That's the only way to describe the police's demand to be allowed to use secret "evidence" to defend themselves from the claim they unlawfully invaded a blogger's privacy by demanding his bank records:
Police are trying to use secret evidence to defend searching an activist's personal banking records without a warrant while hunting for the hacker Rawshark.
Activist and blogger Martyn Bradbury has provided the Herald documents showing the police are seeking a closed hearing of the Human Rights Tribunal to present evidence it does not want made public.
In an application to the tribunal from Crown Law, the lawyer acting for police said: "Police indicate at this stage that it will seek to invoke the "closed" hearing process in relation to information relevant to this claim."
A closed hearing means that "evidence" is given to the judge, without the other party or their representative being present, effectively preventing them from challenging it in any meaningful way.
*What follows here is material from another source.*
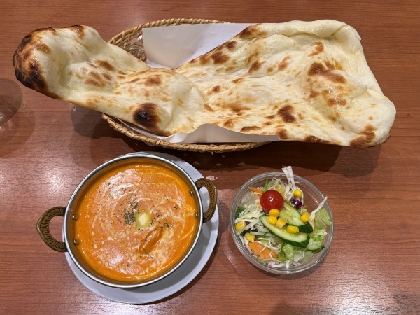 今回は、チーズナンではなくプレーンナン(バターナン)のバターチキンランチを選びました。

Its a straight-out violation of the right to justice, and overseas has been found to violate fair trial rights and to run a real risk of misleading the court. Which is probably why the police are keen on it.
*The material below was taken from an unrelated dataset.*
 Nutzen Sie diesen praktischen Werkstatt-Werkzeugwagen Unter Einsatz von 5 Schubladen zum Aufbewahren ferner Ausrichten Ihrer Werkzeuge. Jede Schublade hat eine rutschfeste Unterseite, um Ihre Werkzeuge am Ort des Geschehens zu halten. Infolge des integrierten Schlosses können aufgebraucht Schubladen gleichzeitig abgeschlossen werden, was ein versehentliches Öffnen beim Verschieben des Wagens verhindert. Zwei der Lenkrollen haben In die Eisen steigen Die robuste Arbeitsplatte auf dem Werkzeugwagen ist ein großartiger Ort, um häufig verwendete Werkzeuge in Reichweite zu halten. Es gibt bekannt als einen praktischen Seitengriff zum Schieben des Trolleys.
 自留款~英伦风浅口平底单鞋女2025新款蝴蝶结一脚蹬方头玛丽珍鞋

We first saw this atrocity in the Ahmed Zaoui case. It was bullshit then and it is bullshit now. But despite the obvious problems with it, the establishment has legislated for its use in our courts in certain national security cases (for example, in challenges to passport seizures, immigration decisions, terrorism designations, or proceedings under TICSA). The Human Rights Review Tribunal has no such statutory authority, and it is difficult to see any justification why they should be permitted to violate fundamental norms of justice in this way. If the police don't want Bradbury to see the evidence, they have a simple solution: don't use it, yield the case, and pay damages. It speaks volumes about them and their ethics that they would instead attempt to pervert the course of justice in this way.